On 26.08.2022 10:29, Marek Szyprowski wrote:
> On 26.08.2022 09:53, Lukas Wunner wrote:
>> On Fri, Aug 26, 2022 at 09:41:46AM +0200, Marek Szyprowski wrote:
>>> On 26.08.2022 09:19, Lukas Wunner wrote:
>>>> On Fri, Aug 26, 2022 at 08:51:58AM +0200, Marek Szyprowski wrote:
>>>>> On 19.05.2022 23:22, Marek Szyprowski wrote:
>>>>>> On 19.05.2022 21:08, Lukas Wunner wrote:
>>>>>>> On Tue, May 17, 2022 at 12:18:45PM +0200, Marek Szyprowski wrote:
>>>>>>>> This patch landed in the recent linux next-20220516 as commit
>>>>>>>> 1ce8b37241ed ("usbnet: smsc95xx: Forward PHY interrupts to PHY
>>>>>>>> driver to
>>>>>>>> avoid polling").
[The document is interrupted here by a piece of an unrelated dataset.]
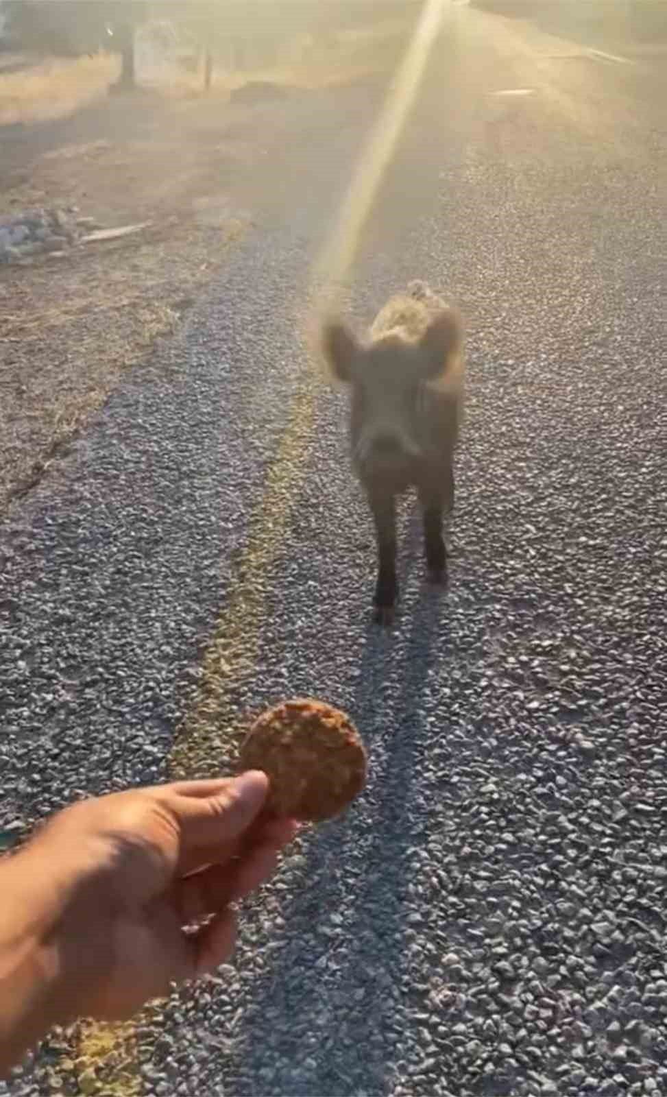 Bursa’da aç kalan domuz sürüsü ilçe merkezine indi. Vatandaşlar domuzları kurabiye ile besledi.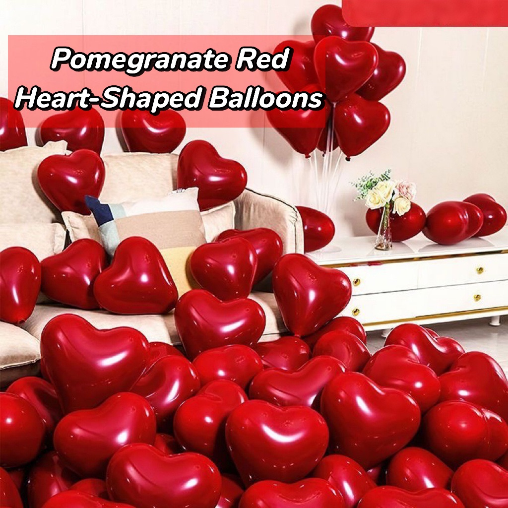 3.Extra-Thick Ruby Red Heart-Shaped Balloons with Macaron Heart Accents – 50-Piece Set

Unfortunately it breaks smsc95xx usb ethernet
>>>>>>>> operation
>>>>>>>> after system suspend-resume cycle. On the Odroid XU3 board I 
>>>>>>>> got the
>>>>>>>> following warning in the kernel log:
>>>>>>>>
>>>>>>>> # time rtcwake -s10 -mmem
>>>>>>>> rtcwake: wakeup from "mem" using /dev/rtc0 at Tue May 17 
>>>>>>>> 09:16:07 2022
>>>>>>>> PM: suspend entry (deep)
>>>>>>>> Filesystems sync: 0.001 seconds
>>>>>>>> Freezing user space processes ... (elapsed 0.002 seconds) done.
>>>>>>>> OOM killer disabled.
>>>>>>>> Freezing remaining freezable tasks ... (elapsed 0.001 seconds) 
>>>>>>>> done.
>>>>>>>> printk: Suspending console(s) (use no_console_suspend to debug)
>>>>>>>> smsc95xx 4-1.1:1.0 eth0: entering SUSPEND2 mode
>>>>>>>> smsc95xx 4-1.1:1.0 eth0: Failed to read reg index 0x00000114: -113
>>>>>>>> smsc95xx 4-1.1:1.0 eth0: Error reading MII_ACCESS
>>>>>>>> smsc95xx 4-1.1:1.0 eth0: __smsc95xx_mdio_read: MII is busy
>>>>>>>> ------------[ cut here ]------------
>>>>>>>> WARNING: CPU: 2 PID: 73 at drivers/net/phy/phy.c:946
>>>>>>>> phy_state_machine+0x98/0x28c
>>>>>>> [...]
>>>>>>>> It looks that the driver's suspend/resume operations might need 
>>>>>>>> some
>>>>>>>> adjustments. After the system suspend/resume cycle the driver 
>>>>>>>> is not
>>>>>>>> operational anymore. Reverting the $subject patch on top of linux
>>>>>>>> next-20220516 restores ethernet operation after system 
>>>>>>>> suspend/resume.
>>>>>>> Thanks a lot for the report. It seems the PHY is signaling a link
>>>>>>> change
>>>>>>> shortly before system sleep and by the time the phy_state_machine()
>>>>>>> worker
>>>>>>> gets around to handle it, the device has already been suspended 
>>>>>>> and thus
>>>>>>> refuses any further USB requests with -EHOSTUNREACH (-113):
>>>> [...]
>>>>>>> Assuming the above theory is correct, calling phy_stop_machine()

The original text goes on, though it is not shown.